We've been bombarded with all the arguments, starting with the cost of the referenda - which makes you think Key could have simply done a Fijian Bainimarama and inflicted a new flag on us - to the alternative resembling a tea towel, which is dripping with drivel given that few of the critics have ever come up with anything better.
The flag debate's bubbled beneath the surface in this country for more than 40 years and unlike the Aussies, we see it as separate from becoming a republic.
The most vehement opposition, up until now, has come from the RSA which has always said change is disrespectful to those who have fought and died under the current ensign. Having had a grandfather serve at Gallipoli and family fighting in the Second World War, that argument's a crock of the old proverbial. Growing up, the importance of the flag was never mentioned around the dinner table, in relation to the wars, but the antipathy towards the British was frequently raised.
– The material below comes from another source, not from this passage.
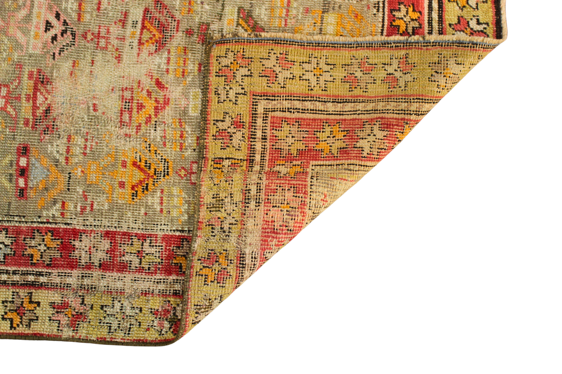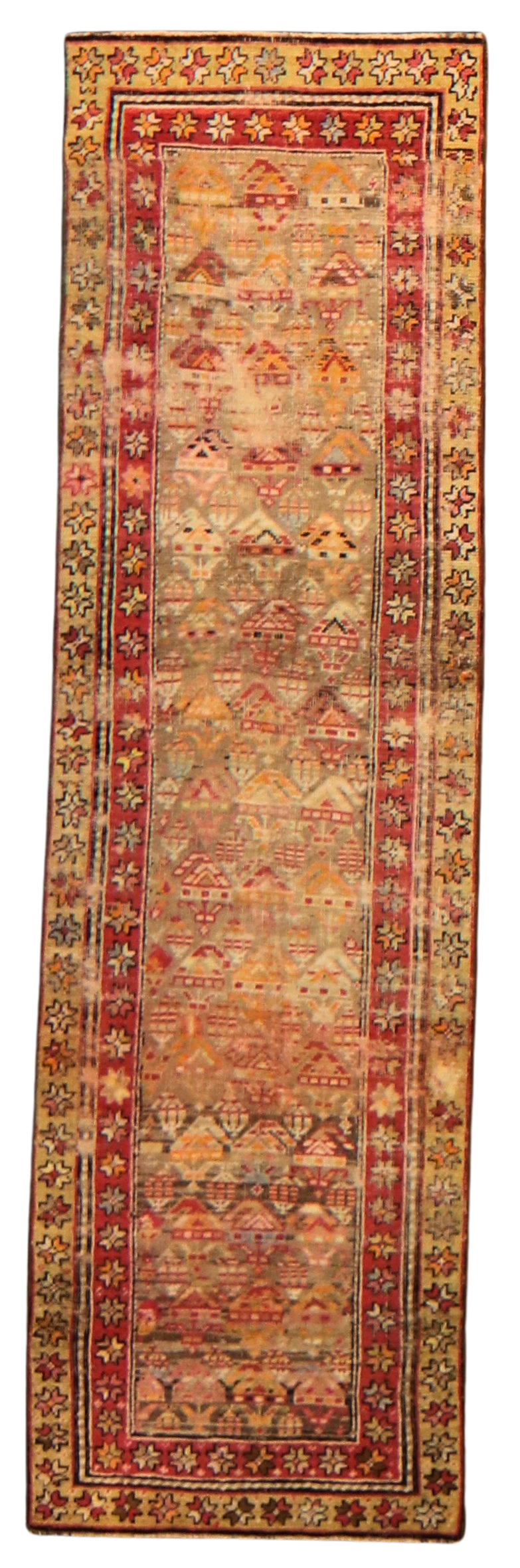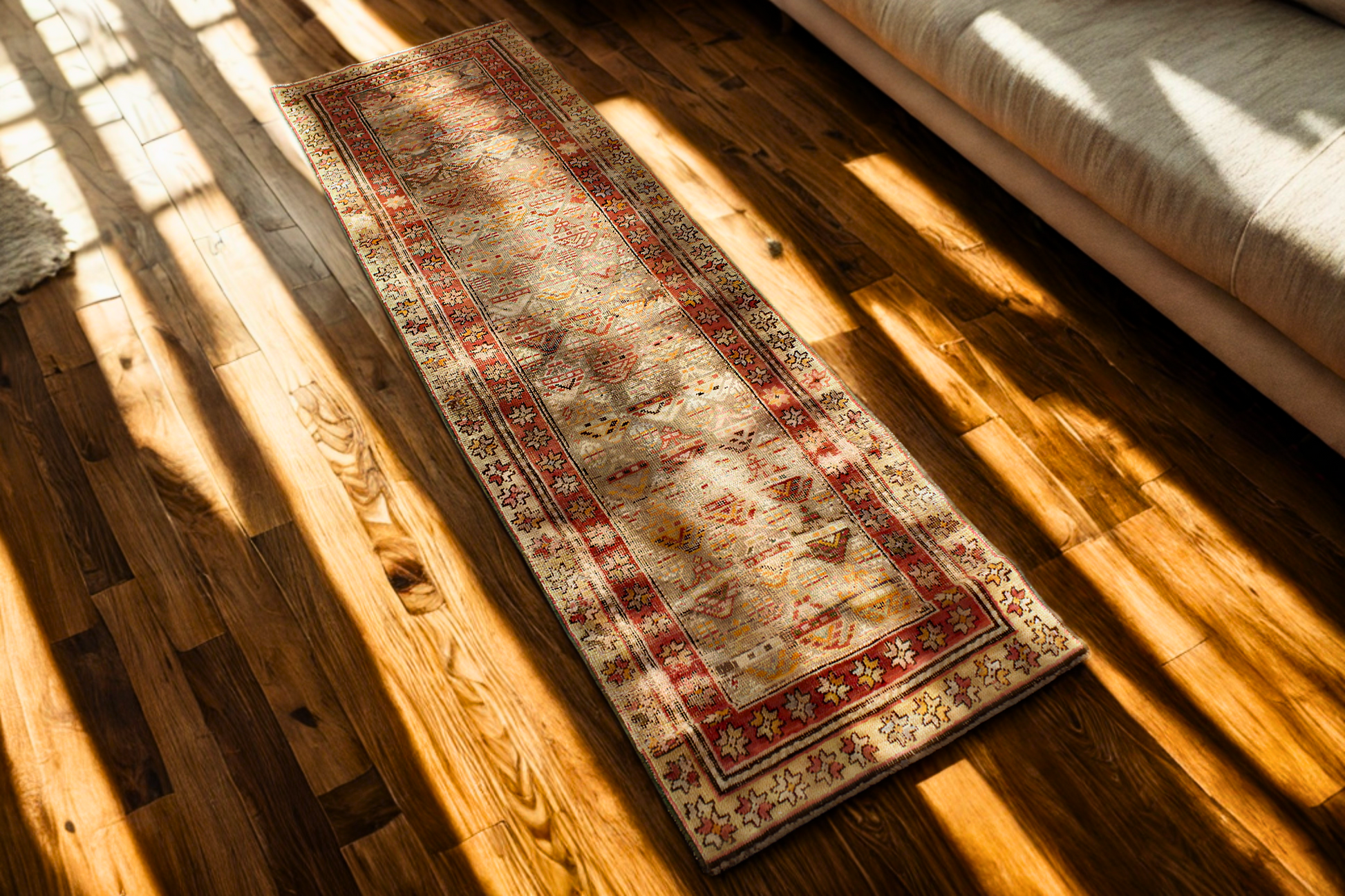 Petite in size but rich in history, this antique Turkish Oushak runner (2.1 × 7 ft) offers a lively dose of Anatolian folk art. Its central field features a softly aged lattice of geometric motifs in terracotta, ochre, and faded peach — echoing the hues of desert stone and sunbaked earth. What sets this piece apart is the bold outer border, alive with eight-pointed stars in alternating shades of ivory, saffron, olive, and crimson, framed by delicate inner guard stripes.

And yet we still have the Union Jack taking pride of place on our ensign.
Having visited every battlefield in Europe, Turkey and North Africa where our troops have fought and died abroad, some of them with old diggers who fought there, not once was the flag mentioned. As they stood over their mates' graves, always lamenting the futility of war, the old soldiers laid wreaths beneath the headstones featuring a stylised fern, not a silver one, but one blending into the sandstone.
So put the politics to one side over the coming weeks, forget the cost of democracy, bury the dislike you may have of John Key and take the opportunity you're unlikely to get again and fill out the ballot paper.